But from debug message I put in, I can see the state of the gateway is 'dynamic', not 'down'. That is not the only problem though - when I tried printing out the IP address as it is fetched for the pfctl command like this:

$int_ip = get_interface_ip($gateway['interface']);

at the point this routine executes, the pppoe interface has (I think) been killed, so there is no IP address to fetch. I was trying to figure out where this all happens, but got kind of lost. It would be nice to get this working, but for the moment, I think I might just patch the code that runs on interface bring-up to do 'pfctl -b' on the LAN IP of the asterisk server, as opposed to the WAN IP of the gateway. It isn't like that address is going to be changing randomly.

#20 Updated by Chris Buechler over 9 years ago

  • Status changed from Feedback to New

sounds like a suitable work around. Also please report back how pfctl -b works for you Dan, it hasn't been tested much/at all.
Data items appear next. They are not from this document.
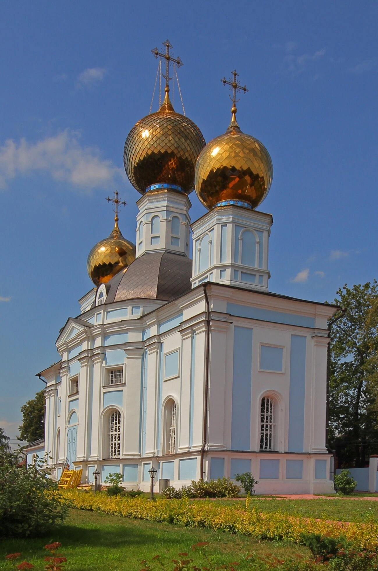 Белокаменный храм с голубыми элементами декора является ярким образцом православной церковной архитектуры. Здание венчают несколько золочёных куполов, увенчанных священными крестами, которые сияют под лучами солнца в ясный день. Светлые стены церкви создают ощущение благодати и чистоты.
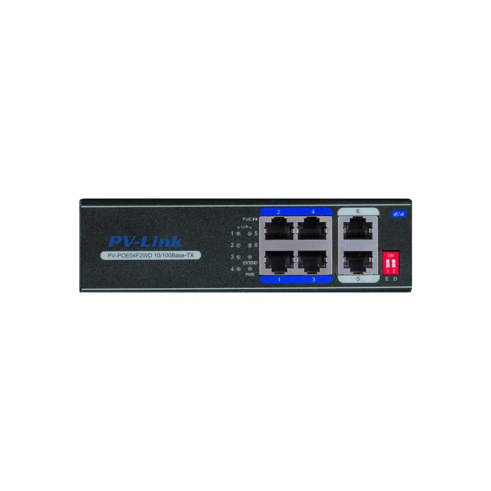 Купить Коммутатор PV-Link PV-POE04F2WD (ver. 2066), с PoE, 6 портовый, для систем видеонаблюдения
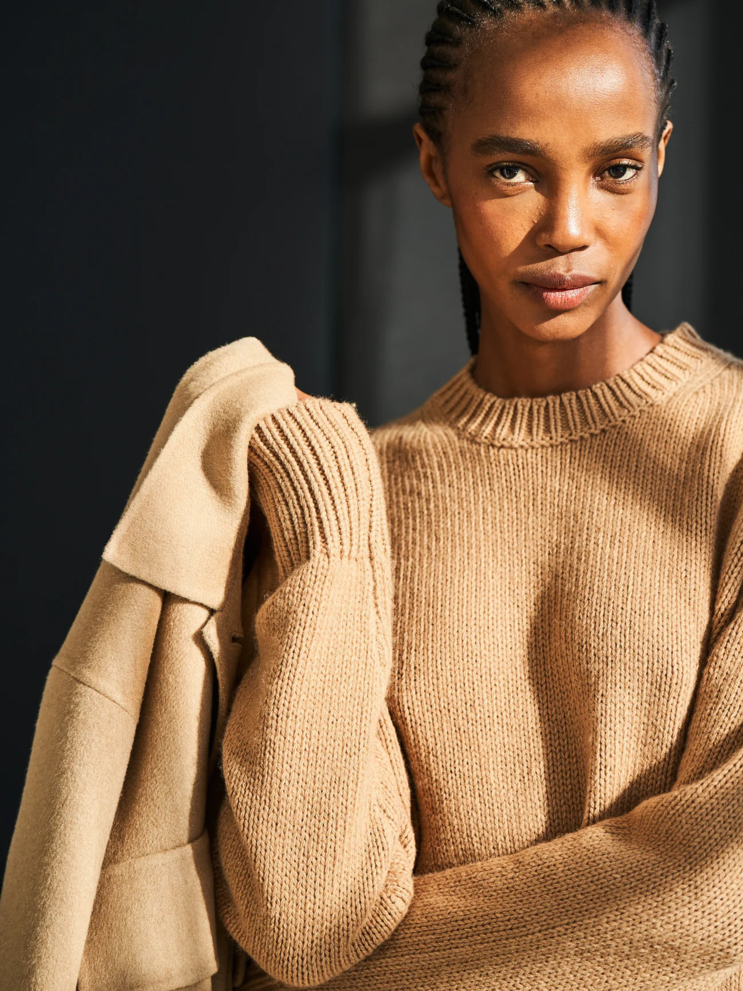 Perfect Crewneck in Looseknit Cashmere in Camel
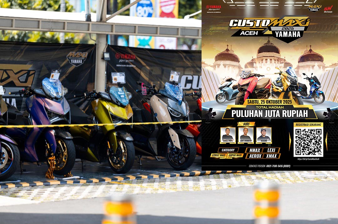 BalapMotor.Net – Para penggemar modifikasi skutik premium Yamaha, bersiaplah! Ajang Customaxi 2025 kembali menyapa kota Serambi Mekkah, Aceh, pada Sabtu, 25 Oktober 2025, bertempat di Lapangan Blang Padang, Banda Aceh. Event akbar ini siap memanjakan mata para pecinta otomotif dengan kreasi-kreasi modifikasi terbaik dan menawarkan total hadiah fantastis puluhan juta rupiah.
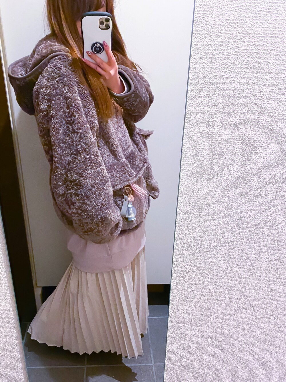 寒すぎてスカート変えたよ😭😭 こっちの方がしっくりきました🙆♀️🙆♀️🙆♀️🙆♀️ ふわふわもこもこアウターで寒さは乗り切った💪🏻

Re-opening this as it's clearly broken

#21 Updated by Ermal Luçi over 9 years ago

  • Status changed from New to Feedback

Seems the pfctl -b on ppp-linkdown has been lost in the history.
I putted back so it should be ok even in PPP links case like PPPoE/PPTP/etc...

#22 Updated by Chris Buechler about 9 years ago

  • Status changed from Feedback to New

This still doesn't work, when a link fails its states aren't deleted. Running 'pfctl -b $interfaceip' manually also doesn't work.

#23 Updated by Chris Buechler about 9 years ago

I should clarify - seems only the NAT states are still around.

#24 Updated by Ermal Luçi about 9 years ago

Can you please be more clear what you mean by nat states?

#25 Updated by Chris Buechler about 9 years ago

  • Status changed from New to Resolved

It appeared previously that firewall states would all be gone but states such as:

10.0.0.22:52559 -> 7.2.0.15:15963 -> 18.1.0.4:53

would still be around. But that's not the case after further testing on an August 3 build.

#26 Updated by Perry Mason about 9 years ago

I still have this issue on a August 4 build

udp    87.54.25.131:5060 <- 192.168.11.20:5060    MULTIPLE:MULTIPLE
udp    192.168.11.20:5060 -> 192.168.102.100:5060 -> 87.54.25.131:5060    MULTIPLE:MULTIPLE
Those states doesn't get cleared when the failover happens.

#27 Updated by Chris Buechler about 9 years ago

  • Status changed from Resolved to New

True, running pfctl -b manually does work, but it's not run properly at failover.

#28 Updated by Mark Huijgen about 9 years ago

I have done some testing regarding this issue around 24th of June.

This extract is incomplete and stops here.